Yes, on the one hand, cars make the road dangerous. On the other hand - it's still so convenient! Especially in cities where the distance is longer, and you need to travel by public transport with a transfer!

But electric cars are definitely good. Otherwise it will soon be impossible to breathe in the cities.

In general I think cars are less useful in cities than on the country side.

In cities there are traffic jams, there are red lights, and it's difficult to find parking, often one ends up with long walking distance from wherever one found a place to park and to the destination. When counting door-to-door time, the bike often tends to be the fastest option here in Oslo, at least during the traffic peaks. It seems like the best option is to have a foldable bike and travel the bigger distances by train.

On the country side, in small towns and villages, one can just jump into the car, drive directly where one wants and park there, very convenient indeed.

In the cities at least it's possible to travel by public transport with a transfer. At the country side one may find that the bus only goes twice a day, and not at all on Sundays.

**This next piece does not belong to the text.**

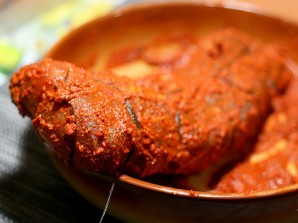 2. Далее смешаем в миске много-много специй по вкусу и разбавим водой или растительным маслом. Щедро "вымазываем" мясо в этой смеси.
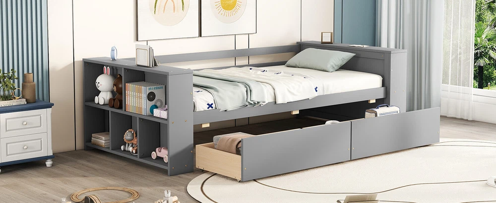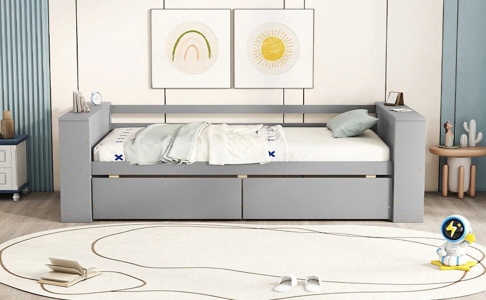 ☀Twin Size Daybed with Shelves and Drawers,Gray ☀【Description】Twin Size Daybed with Shelves and Drawers, Gray Enjoy sleeping and long naps on this modern and elegant sofa bed. Made of solid wood and MDF, this bed guarantees safety and stability, providing you with an extraordinary experience. The bed is designed with storage shelves on both sides, which is convenient and practical. 2 under-bed drawers for storing clothes, bedding and other items. Equipped with a hollow-free headboard, it can also be used as a double bed for children, and its compact design makes it suitable for any room, living room, bedroom, children's room, spare room, etc. Description Material Pine wood+MDF Size Twin Color Gray numbers of package 1 Spring box No... NEW Twin Size Daybed with Shelves and Drawers,Gray ☀Twin Size Daybed with Shelves and Drawers,Gray ☀【Description】Twin Size Daybed with Shelves and Drawers, Gray Enjoy sleeping and long naps on this modern and elegant sofa bed. Made of solid wood and MDF, this bed guarantees safety and stability, providing you with an extraordinary experience. The bed is designed with storage shelves on both sides, which is convenient and practical. 2 under-bed drawers for storing clothes, bedding and other items. Equipped with a hollow-free headboard, it can also be used as a double bed for children, and its compact design makes it suitable for any room, living room, bedroom, children's room, spare room, etc. Description Material Pine wood+MDF Size Twin Color Gray numbers of package 1 Spring box No need Assembly Required Yes Dimensions Overall Product Dimension 91.4''L*43''W*26.8''H Bed Dimension 76'' x 39.3'' Total height 26.8'' Number of Bed Slats 10pcs Overall Product Weight 115.5lb Bed Weight Capability 250lb Recommend mattress thickness of Bed 6-8'' ☀[Large Storage Space] Storage compartments on both sides and under-bed drawers provide plenty of storage space for everyday items. ☀[Minimalist Appearance] The minimalist look of this daybed can match the various styles of the bedroom. ☀Solid Construction] Made of high-quality solid pine wood and MDF with reliable construction, this daybed frame can last for long time use. ☀[No Box Spring Required] The wood slats support the mattresses not to slide and increase the service life. ☀[Easy Assembly] Each order comes with a clear and detailed assembly instruction guide and all necessary tools are provided to get your bed assembled in no time. Item Specifics Type Beds, Frames & Bases Color Gray Main Material Pine Item Length 80.31 in Item Width 13.58 in Item Height 9.25 in Weight 134.48 lbs Brand Unbranded Number of Items in Set N/A Set Includes N/A About us Dear buyer, Thank you for visiting my store! Our warehouses are located in many regions around the United States. According to the customer's delivery address. Use USPS/UPS/DHL logistics transportation service. Prioritize the best quality logistics solutions to transport packages. Ensure package delivery time, At the same time. Have any after-sales problems, Feel free to contact us. At your service Payment PayPal is our preferred method of payments it's the quickest, easiest and most secure way to pay for your goods or services online. PayPal offers buyer and seller protection should there be a problem. If you do not have a PayPal account, to get started and buy your first item with us is very easy. Simply click on the 'Buy It Now' button and follow the eBay checkout steps. Select PayPal as the payment method you then will be given the chance to enter your card details in to PayPal's secure checkout in order to pay for your order. Shipping 1. Your purchase is shipped directly to you as soon as we have received your cleared payment. 2. Normally all of parcels would be shipped within 3days(From Monday to Saturday). 3. We will send information on eBay or email if the parcel was delayed due to our holiday. 4. We provide three kinds of shipping for choice. Shipping way depend on delivery address. Returns If an unit is received defective, of course we take it back or replace it. If the unit is received as expected, we must charge for our expenses if you want to send it back. We have to charge for the work of handling, retesting and restocking. DESCRIPTION PAYMENT SHIPPING RETURN POLICY CONTACT US Shop Category Store Home Home & Garden ▷ Furniture ♢ Primary Living Space Other Hot Item 17" Dually Steel Wheel for 2005-2022 Ford F350 Super Duty Replaces#560-03615 USD 196.20 Front Door Lower Molding Right Passenger Side for Hyundai Tucson 1.6 2.5L 2022- USD 72.40 Spiral Cable Clock Spring Fit Toyota Highlander Tundra Tacoma RAV4 CAMRY LEXUS USD 14.20 2Pcs Rear Suspension Shock w/ ADS Strut For Mercedes-Benz W166 GL550 ML550 2013 USD 172.00 Fuel Tank Sending Unit for Ford F-350 F-450 F-550 1999-2003 F81Z9275DB FG295A P USD 96.20 Picture New List Item NEW TV Stand for TV´s up 60",Double Door Cabinets,One Flexible Cabinet,Dark Waln USD 234.00 NEW Lyon Tv Stand for TV´s up 55",One Cabinet,Double Door -Dark Walnut USD 187.00 NEW Lyon Tv Stand for TV´s up 55",One Cabinet,Double Door-Dark Walnut USD 181.00 NEW Tv Stand for TV´s up 55" Dext,One Cabinet,Double Door,Dark Walnut Finish USD 207.00 NEW FurnisHome Store Mid Century Modern Tv Stand 4 Shelves Open Storage Entertai USD 190.00 Help & Info Payment Policy Shipping Policy Return Policy FAQ About Us NEW Twin Size Daybed with Shelves and Drawers,Gray ☀Twin Size Daybed with Shelves and Drawers,Gray ☀【Description】Twin Size Daybed with Shelves and Drawers, Gray Enjoy sleeping and long naps on this modern and elegant sofa bed. Made of solid wood and MDF, this bed guarantees safety and stability, providing you with an extraordinary experience. The bed is designed with storage shelves on both sides, which is convenient and practical. 2 under-bed drawers for storing clothes, bedding and other items. Equipped with a hollow-free headboard, it can also be used as a double bed for children, and its compact desi

Indeed, the distances may be quite large in the bigger cities ... in my home town (as a child) we could go pretty much wherever we wanted with a ten, maximum fifteen minutes drive, driving from one end of Oslo to the other may take like half an hour on a Sunday (depending on how one chooses to define "Oslo"), much more during the traffic peaks. My wife is from St.Petersburg, distances are like crazy over there. But still ... how often does one really need to go from one end to the other? Indeed, quite many people live in one end of the city and works at the other - but far from everyone, quite many are working locally. Driving from one end to the other is quite comparable to driving from one small town to another. Daily shopping ... out of milk, even from our home here in Oslo my wife often ends up driving to the shop to solve that issue, in St.Petersburg, almost no matter where one lives, it will be quicker to go by feet than to take the car for buying common food products.